* TASK DESCRIPTION
Two lines in the data below mark the range: the one with "- Next warm" and the one with "座谈会后,由专职组织员刘加领". Return both, along with every line between them, exactly.

* AVAILABLE RECORDS
========

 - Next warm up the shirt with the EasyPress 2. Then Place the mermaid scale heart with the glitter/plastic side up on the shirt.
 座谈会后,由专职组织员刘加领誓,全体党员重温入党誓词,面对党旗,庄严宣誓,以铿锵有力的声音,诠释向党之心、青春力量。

========

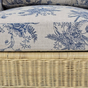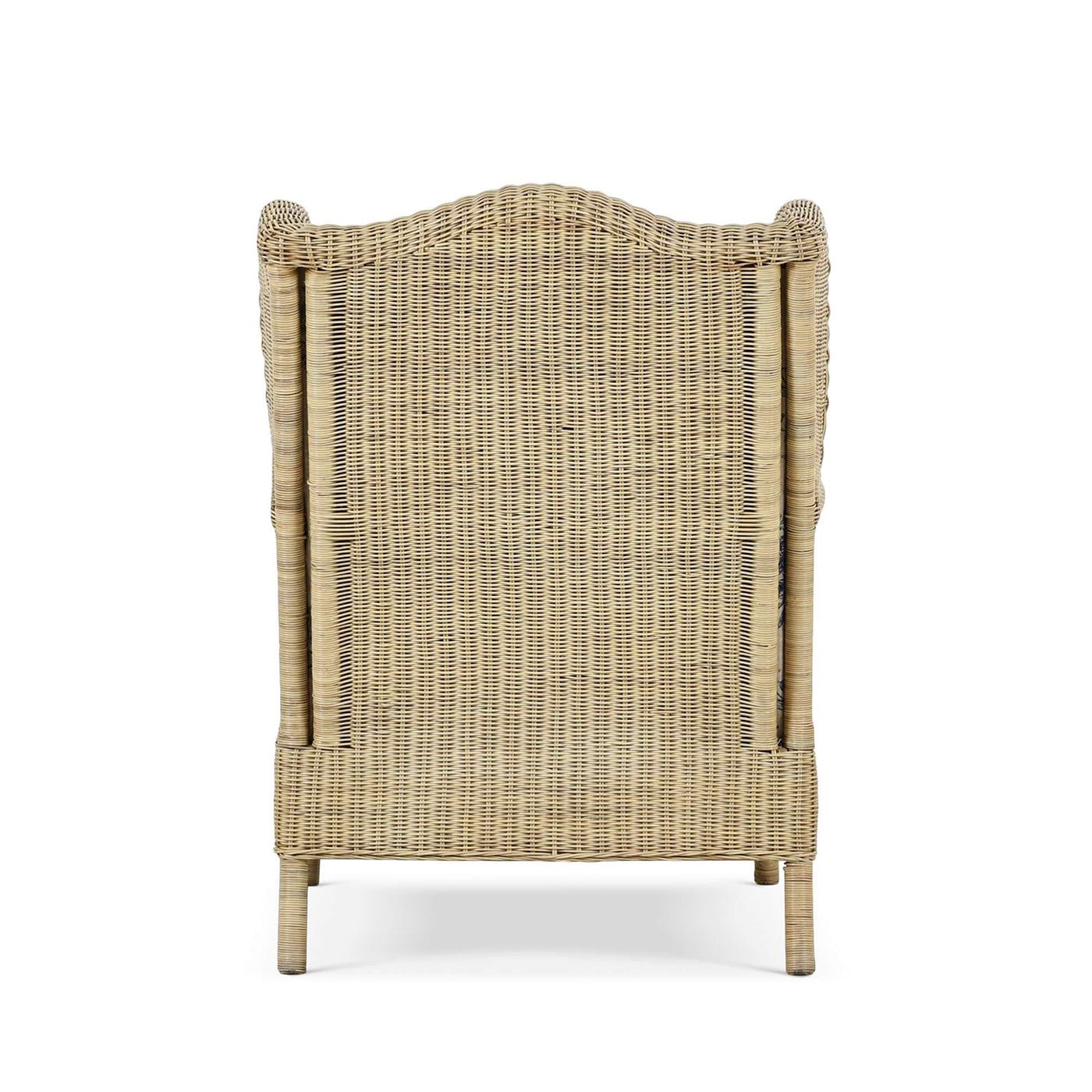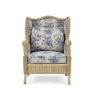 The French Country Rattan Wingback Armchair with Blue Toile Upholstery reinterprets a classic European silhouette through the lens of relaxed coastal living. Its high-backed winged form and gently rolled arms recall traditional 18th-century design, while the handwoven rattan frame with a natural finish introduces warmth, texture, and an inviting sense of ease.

========

* TASK SOLUTION
 - Next warm up the shirt with the EasyPress 2. Then Place the mermaid scale heart with the glitter/plastic side up on the shirt.
 座谈会后,由专职组织员刘加领誓,全体党员重温入党誓词,面对党旗,庄严宣誓,以铿锵有力的声音,诠释向党之心、青春力量。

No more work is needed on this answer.